• **Input**

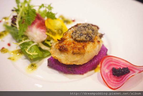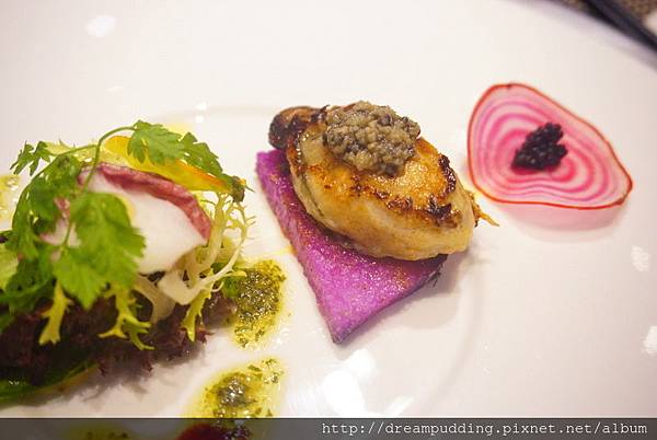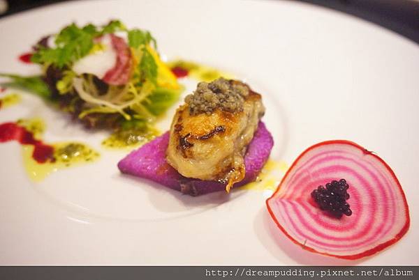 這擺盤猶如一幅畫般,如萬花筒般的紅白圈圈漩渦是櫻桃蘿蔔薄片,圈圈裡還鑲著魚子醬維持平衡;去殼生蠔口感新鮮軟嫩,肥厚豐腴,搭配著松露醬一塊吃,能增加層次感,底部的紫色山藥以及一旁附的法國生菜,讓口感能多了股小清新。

* * *

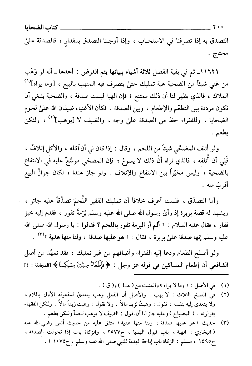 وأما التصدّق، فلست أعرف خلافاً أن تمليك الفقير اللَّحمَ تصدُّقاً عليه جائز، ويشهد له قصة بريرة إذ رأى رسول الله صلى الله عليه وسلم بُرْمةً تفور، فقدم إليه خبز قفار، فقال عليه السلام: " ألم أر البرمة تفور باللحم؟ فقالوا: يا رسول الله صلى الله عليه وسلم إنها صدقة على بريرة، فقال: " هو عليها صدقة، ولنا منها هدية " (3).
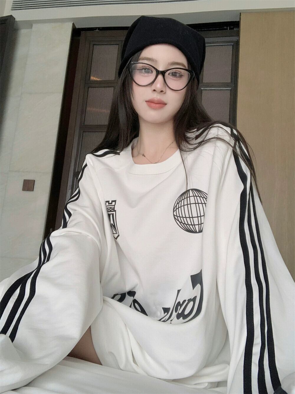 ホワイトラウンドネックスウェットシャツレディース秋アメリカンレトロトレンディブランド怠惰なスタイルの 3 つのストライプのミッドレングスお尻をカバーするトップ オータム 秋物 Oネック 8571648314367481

• **Exercise aim**
Go to the line above holding "وأما التصدّق، فلست", then copy exactly each line down to and including the one holding "秋物 Oネック 8571648314367481", leaving pictures out.

• **Answer to the exercise**
 وأما التصدّق، فلست أعرف خلافاً أن تمليك الفقير اللَّحمَ تصدُّقاً عليه جائز، ويشهد له قصة بريرة إذ رأى رسول الله صلى الله عليه وسلم بُرْمةً تفور، فقدم إليه خبز قفار، فقال عليه السلام: " ألم أر البرمة تفور باللحم؟ فقالوا: يا رسول الله صلى الله عليه وسلم إنها صدقة على بريرة، فقال: " هو عليها صدقة، ولنا منها هدية " (3).
 ホワイトラウンドネックスウェットシャツレディース秋アメリカンレトロトレンディブランド怠惰なスタイルの 3 つのストライプのミッドレングスお尻をカバーするトップ オータム 秋物 Oネック 8571648314367481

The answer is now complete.